The New Student's Reference Work/School-Garden, The
School-Garden, The. Among progressive school-people there is a growing interest in the school-garden. In cities, in normal schools and even in the country, the schoolchildren are set to work cultivating flower and vegetable gardens. The school-garden is an outgrowth of regular school-work; it is one striking phase of the effort to get out of doors, away from books and into contact with the real world. It is a healthy realism putting more vigor and intensity into school-work.
The school-garden has an important relation to several school-studies. First of these is nature-study. There is no better way of bringing children into contact with plant-life than by raising flowers and vegetables in the garden. The boys and girls get out of doors, prepare the soil, plant the seed, watch with great interest the growth of plants, cultivate them through the season, and finally observe the growth and ripening of the fruit. This whole cycle of growth and change is the most fundamental thing in plant-study, and nothing can be more interesting to children than this process when they themselves are concerned in the products of the garden. In the second place the garden has a very important place in the study of geography. In the home-geography in the early grades classes of children are required to visit the gardens and study the processes of cultivation and marketing the products. These are fundamental lessons in geography. In this way gardening leads on to agriculture, scientific farming, fruit-raising and the improvement of country life generally.
There is a strong tendency in all parts of the country to turn the attention of children strongly toward these outdoor studies. The garden naturally suggests farming, the raising of corn and other grains, the feeding of cattle, dairying and butter-making, fruit-culture, as of berries, stone-fruits, apples and pears. Scientific agriculture and fruit-raising are based on principles of careful selection of seed and of wise cultivation, of fertilizing and preserving soils, of grafting, pruning and caring for fruit-trees and of spraying against insect-pests. All these things are vitally interesting to children, and put new meaning into country life.
The school-garden even has an important relation to esthetics. Floriculture, landscape-gardening, tree-planting and fruit-culture appeal to the sense of beauty. The whole yard and garden together need to be planted and laid out on principles of taste and attractiveness.
Perhaps the most important relation of the school-garden is that to the home. Where boys and girls become properly interested in the school-garden, they naturally desire to raise a garden at home in their own back-yard and perhaps flowerbeds and trees in the front yard. This answers in many ways to the necessities and comforts of the home. The whole town may take on a new appearance, in its yards and gardens, on account of this interest developed in the school-garden. Beauty and utility are here combined in the best way; the home-table is supplied with vegetables and beautified by the flowers which the children themselves raise.

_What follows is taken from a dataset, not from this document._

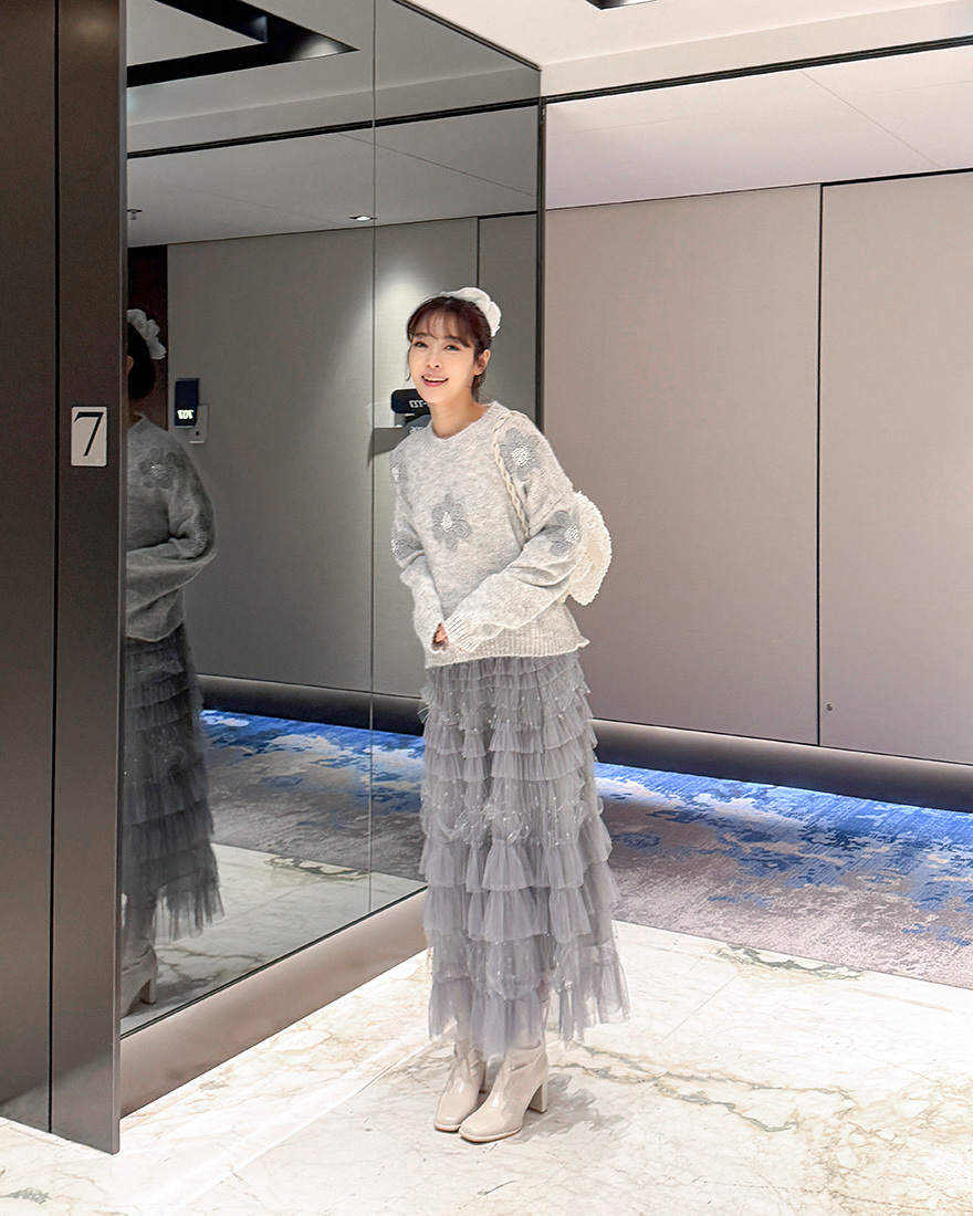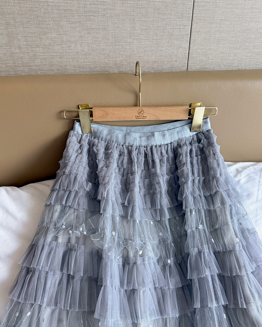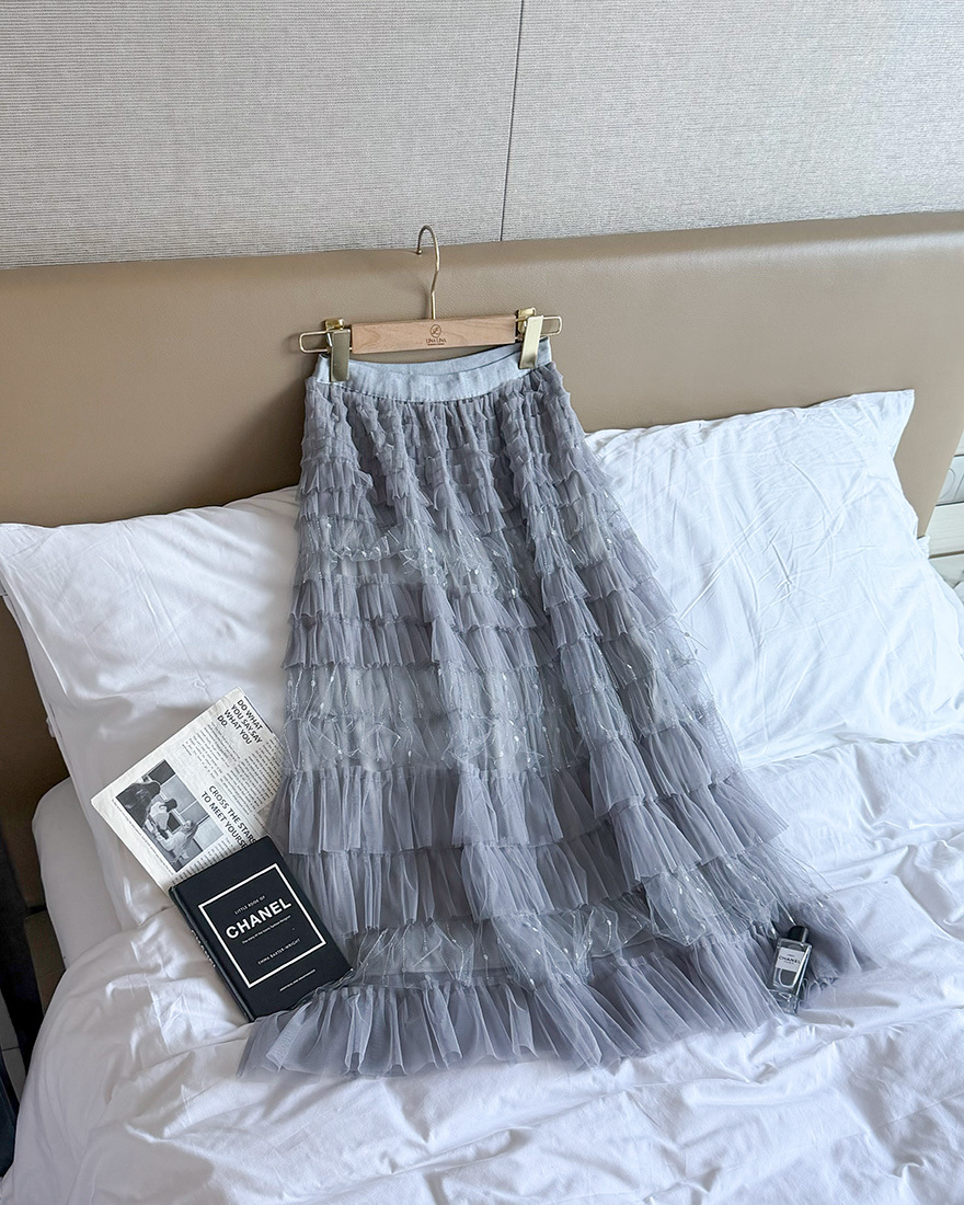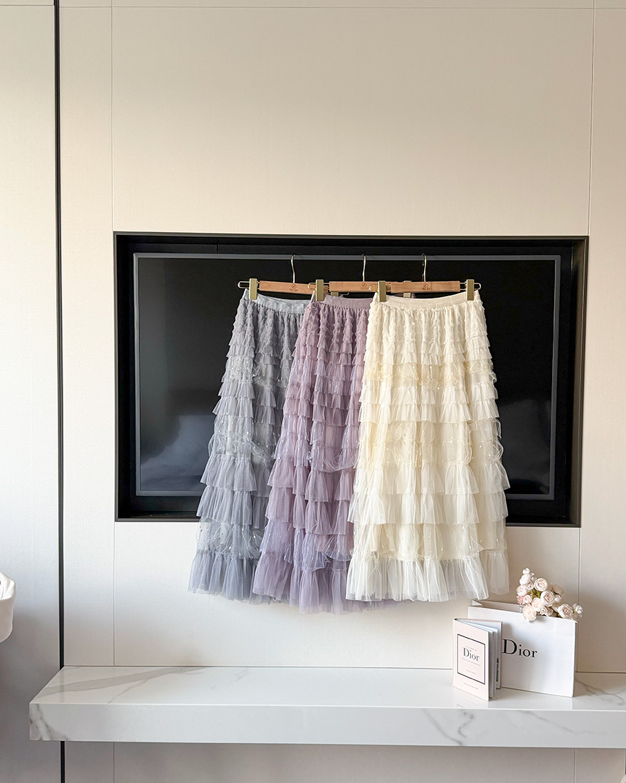 層層堆疊的荷葉壓褶輕柔網紗x串燈感的織紋

The educative effect upon the boy or girl of carrying out through the whole season plans for cultivating a garden is one of the best products of good training. The cultivation of plants requires constant attention, forethought, intelligence, self-reliance and a kind of originality; difficulties are to be met and overcome. Insects infest the plants and must be gotten rid of; chickens scratch up and spoil the garden and a fence is needed for protection; a dry spell calls for some plan of watering; weeds quickly take possession of a garden; and the child must be intelligent and thoughtful in meeting such difficulties. This is the best kind of training. To say the least, it is far better than letting the boy run wild on the streets and getting into all sorts of mischief.
Most of our progressive normal schools in all parts of the country are taking up the problem of school-gardens, not for the children simply but for the teachers. Young teachers are set to work to learn the whole problem, so that they may later guide the children in garden work. It is clear that the school-garden is to occupy an important place in the future education of boys and girls.
The value of school-gardens in education has long been recognized in Europe. They were started as early as 1819 in Schleswig-Holstein. In 1869 they were prescribed by law in Austria and Sweden, in Belgium since 1873 and in France since 1880. There are at present about 20,000 schools in Austria having gardens, 45,000 in France, 8,000 in Russia and 2,500 in Sweden. The number in the latter country once was double the present number, but has decreased since the introduction of manual training. School gardening is practically obligatory for the children of the common schools of Belgium, Netherlands, British West Indies and Ceylon. Many German cities teach agriculture by “demonstration” in which the pupils are not allowed any share. Many of the schools of France and Germany have gardens “not with a view to instructing the pupils in agriculture, but for the benefit of the teachers.” Many of the foreign governments subsidize the school-gardens, offer prizes, and make training in agriculture obligatory for normal-school graduates.
It may be said in conclusion that school-gardens have an important relation to manual training and to the whole subject of industrial education. It is a phase of manual training to teach children to use the tools and implements of the garden, to prepare the soil and carefully cultivate plants. It is an outdoor physical training combined with intelligent mental effort quite equal in its effects to shop-work and in some ways superior.
Some of the great universities, like Cornell, Illinois, Ohio and Louisiana, have taken up the problem of school agriculture, country life and scientific farming in earnest. Pamphlets are published by experts of agriculture dealing with important phases of school agriculture and school-gardens. Consult Jewell's Agricultural Education (Bul. 368, U. S. Bureau of Education).